Il famoso teologo Pier Martire Vermigli nacque a Firenze l'8 settembre 1499 (altri testi citano la stessa data ma riferita al 1500 o perfino l'8 maggio 1500) primo di tre figli di una famiglia di ceto medio: il padre Stefano faceva il calzolaio e la madre Maria Fumantina, una donna di buona cultura, poté insegnare le prime nozioni di cultura al giovane Pier Martire.

Questo non comune nome di battesimo gli fu imposto dal padre, per grazia ricevuta per la nuova nascita dopo la morte dei suoi primi figli, in ricordo di San Pietro Martire da Verona (ca. 1200-1252), un ex-cataro, convertitosi al cattolicesimo e diventato domenicano, Inquisitore Generale e feroce persecutore dei suoi antichi compagni di fede: distrusse la tomba di Nazario, vescovo della Chiesa dualista di Concorezzo, ma venne ucciso a Giussano, vicino a Milano, da alcuni sicari nel 1252.
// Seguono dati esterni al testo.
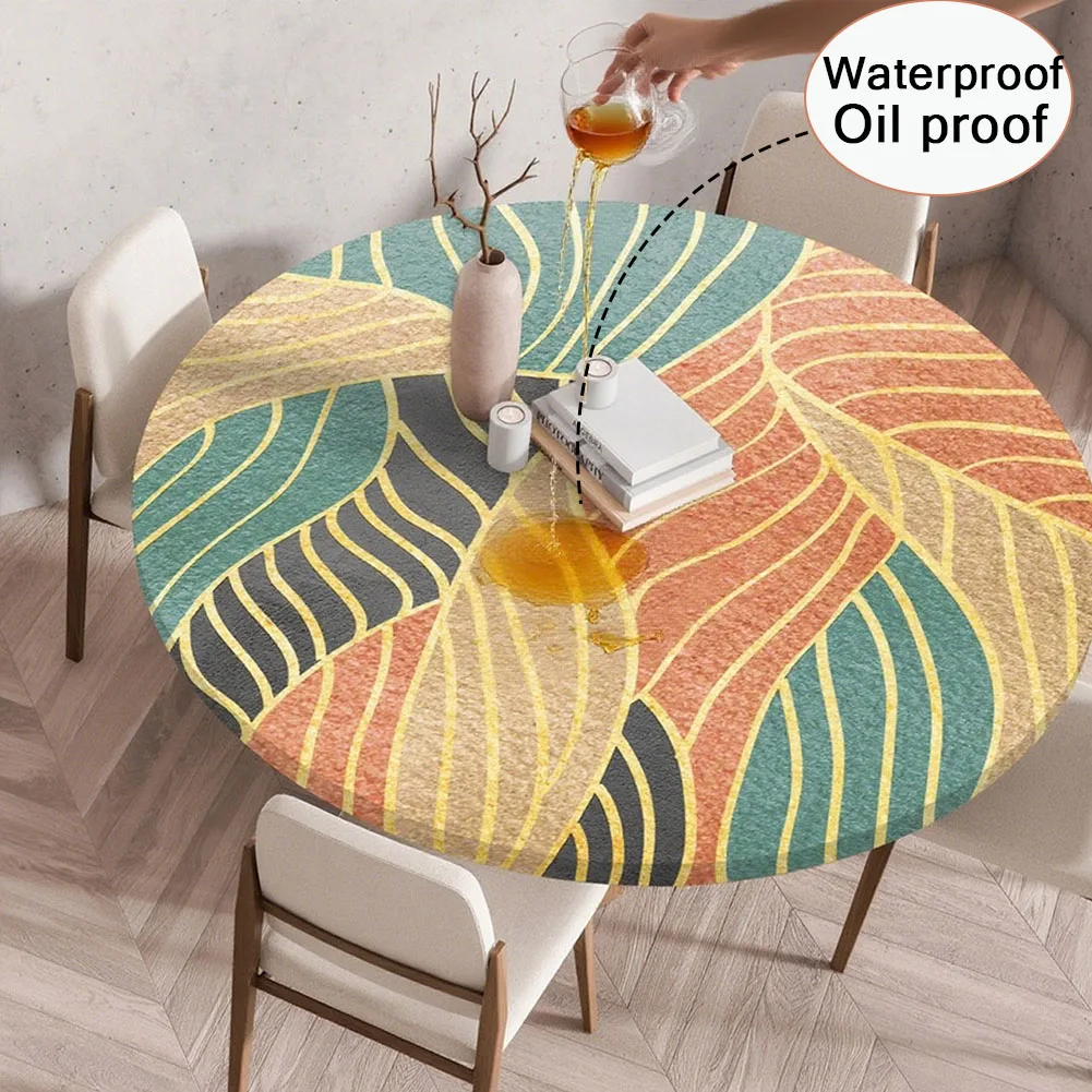 Runde Tischdecke mit minimalistischem Muster, elastische Tischdecken, wasserdicht, wiederverwendbar, runde Tischdecke für Küchensims, rund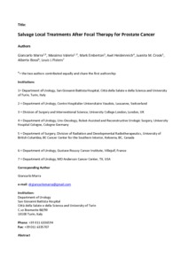 Title: | Salvage Local Treatments After Focal Therapy for Prostate Cancer |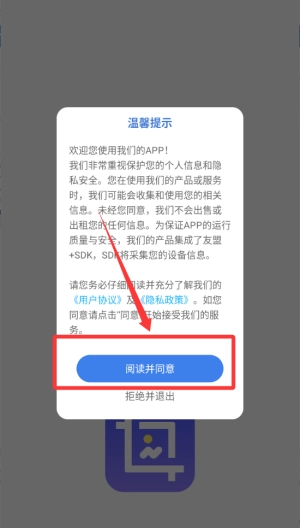 2、点击阅读并同意按钮进入主页。

Ritornando al giovane V., egli, all'età di 15 anni, entrò nel convento di San Bartolomeo del Canonici regolari lateranensi (agostiniani) a Fiesole, ed in seguito al convento di San Giovanni di Verdara, vicino a Padova, presso la cui università poté frequentare la facoltà di teologia. Nel 1526 circa V. si laureò in teologia, fu ordinato sacerdote e nominato predicatore agostiniano e con questo nuovo incarico, si recò a Brescia, Pisa, Venezia e Roma, mentre, contemporaneamente, studiava greco antico ed ebraico.

V. a Napoli

Nel 1530 V. fu nominato vicario del priore del convento agostiniano di Bologna, dove frequentò l'ambiente erasminiano locale, nel 1533 abate di quello di Spoleto ed infine, nel 1537, priore del convento di San Pietro ad Aram a Napoli. Qui V. entrò in contatto con il circolo evangelico, raccolto intorno a Juan de Valdés, dove conobbe e divenne amico del predicatore cappuccino (e futuro Vicario Generale dell'ordine) Bernardino Ochino, e di cui fecero parte importanti riformati italiani, come Pietro Carnesecchi, Marcantonio Flaminio, Giovanni Bernardino Bonifacio, Benedetto Fontanini da Mantova, Galeazzo Caracciolo, Bartolomeo Spadafora, Apollonio Merenda, Vittore Soranzo, e le nobildonne Vittoria Colonna, Giulia Colonna Gonzaga e Caterina Cybo da Camerino.

L'orientamento delle prediche di V. a Napoli, rafforzata dai commentari ai Vangeli e ai Salmi di Bucero e dal De vera et falsa religione di Zwingli, si volse sempre più verso interpretazioni evangeliche dei testi sacri: significativa fu la chiave di lettura che V. diede al seguente passo della Prima Lettera di San Paolo ai Corinzi (3:14-15): "Se l'opera di qualcuno che ha costruito sopra rimarrà, egli ne riceverà la ricompensa, se l'opera di qualcuno invece sarà consumata dal fuoco, ne avrà danno, però si salverà, ma come attraverso il fuoco".Nell'interpretazione canonica cattolica, infatti, questo brano confermava l'esistenza del purgatorio, mentre per V. questo brano non dimostrava niente, anche perché dalla lettera paolina si evinceva che tutti dovevano passare attraverso il fuoco, e non soltanto alcuni, come precisava la dottrina cattolica del purgatorio.

V. a Lucca

Comunque per un certo periodo a V. fu proibito di predicare a Napoli, ed il divieto venne tolto solo dopo una supplica direttamente al papa Paolo III (1534-1549), tuttavia, nel 1541, V. fu trasferito al convento di San Frediano a Lucca. Anche a Lucca V. continuò il suo impegno evangelico, influenzando i confratelli Girolamo Zanchi e Massimiliano Celso Martinengo ed alcuni discepoli esterni al convento, come Niccolò (di Alessandro) Diodati (1511-1544), padre di Pompeo Diodati, che convertì alla Riforma, e Celio Secondo Curione, che chiamò al convento per dare una decisa svolta qualitativa all'insegnamento dei novizi. Infatti la sua attività instancabile volta al miglioramento culturale del convento di San Frediano fece di quest'ultimo un punto di riferimento per la città toscana, soprattutto nella diffusione della fede riformata.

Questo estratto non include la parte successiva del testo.